— А люди его тоже погибли?
— Разбежались. Поднялась паника. Они похитили красивую креолку, очень богатую, и бросили едва живую посреди дороги. Мне стало ее жалко, и я привез ее сюда. Вашей светлости угодно посмотреть?
— Она действительно красивая?
— Как ангел.
Я встал и последовал за Брионом.

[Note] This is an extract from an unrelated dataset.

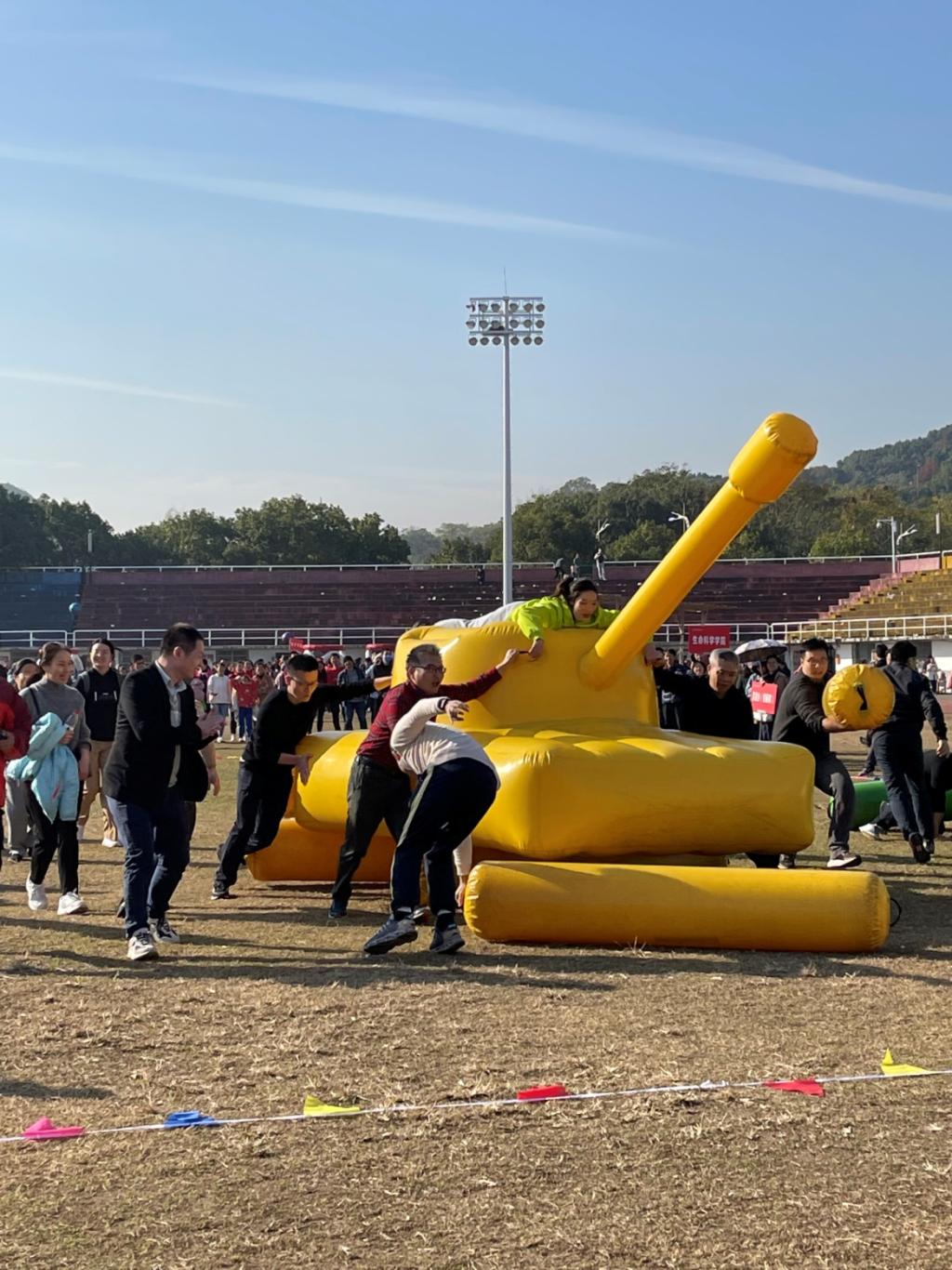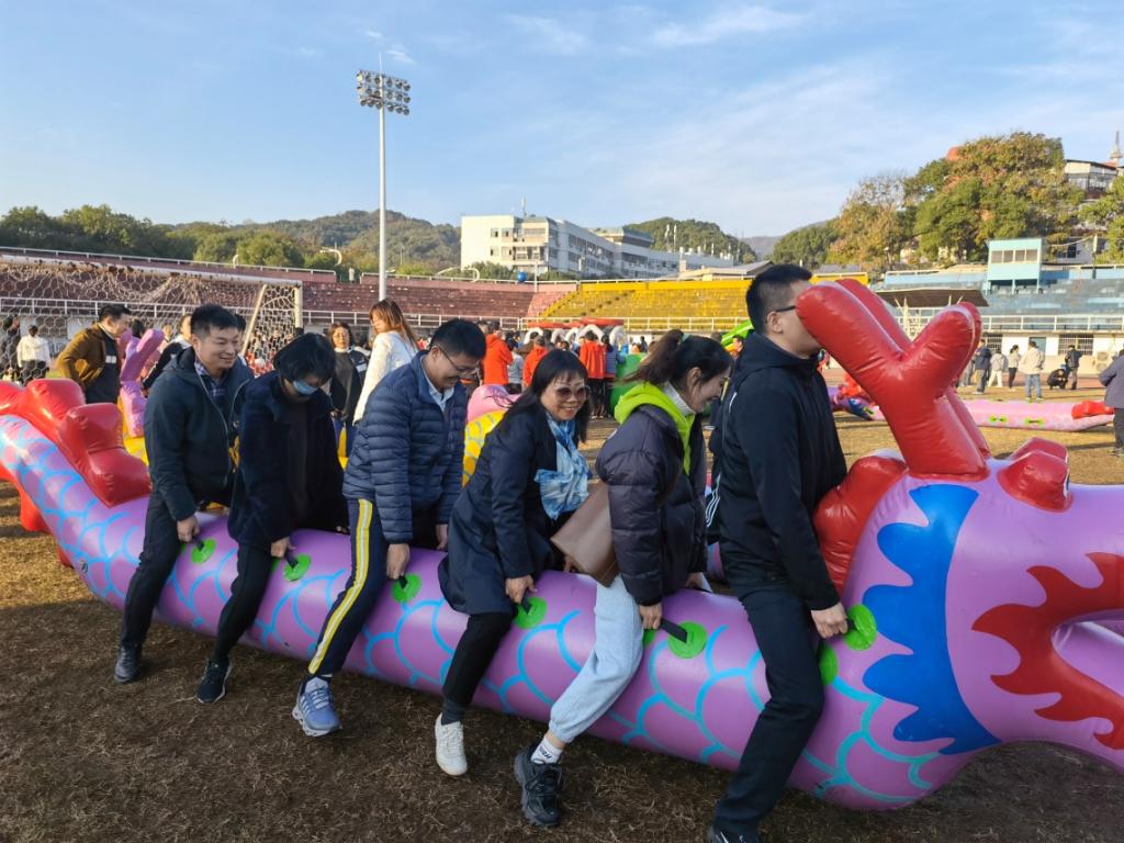 本次趣味运动会分为“龙行天下、铁甲战车、趣味投篮和智勇闯关”四个团体项目。冬日里的暖阳瞬间点燃了教职工的热情,田径场上运动员全身心投入,你追我赶,竞争激烈,场边教职工们相谈甚欢,气氛热烈,加油呐喊声响切云霄。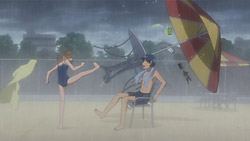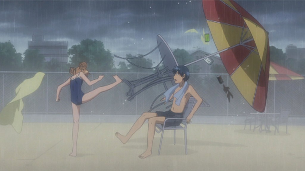 Well, Toradora continues to pleasantly surprise me with how good it can be. Most of the episode leads up to the showdown between Taiga and Ami while reflecting on the reason Taiga is doing it, and although the race itself was interesting (mainly because Taiga didn’t exactly play fair), the most powerful scene – touching even – was when Taiga protects Ryuuji and refuses to let anyone touch him after he almost drowns. It’s just a shame she goes back to treating him like a dog afterward. I guess though that how you view all that depends on if you think that Taiga and Ryuuji’s special relationship will ever develop into them becoming a couple – note that I’m not using the word love because I think that to an extent they already do love each other, just not necessarily in the romantic way – or if they’ll simply continue to grow their bond while aiming for Kitamura and Minori respectively. The latter is probably what will keep the story going, but I wouldn’t rule out the former for the end of the anime or whenever the novels finally end.

Креолка была в саду; она лежала в гамаке, привязанном к деревьям. Полуголые индейские ребятишки спорили о том, кто будет ее качать. Глаза креолки были закрыты платком; она вздыхала. Заслышав наши шаги, она медленно обернулась ко мне и вскричала:
— Мой повелитель! Мой царь!
Не открывая рта, я принял ее в свои объятия. Я всегда думал, что в делах любви все сводится к евангельской заповеди, которая велит нам прощать обиды.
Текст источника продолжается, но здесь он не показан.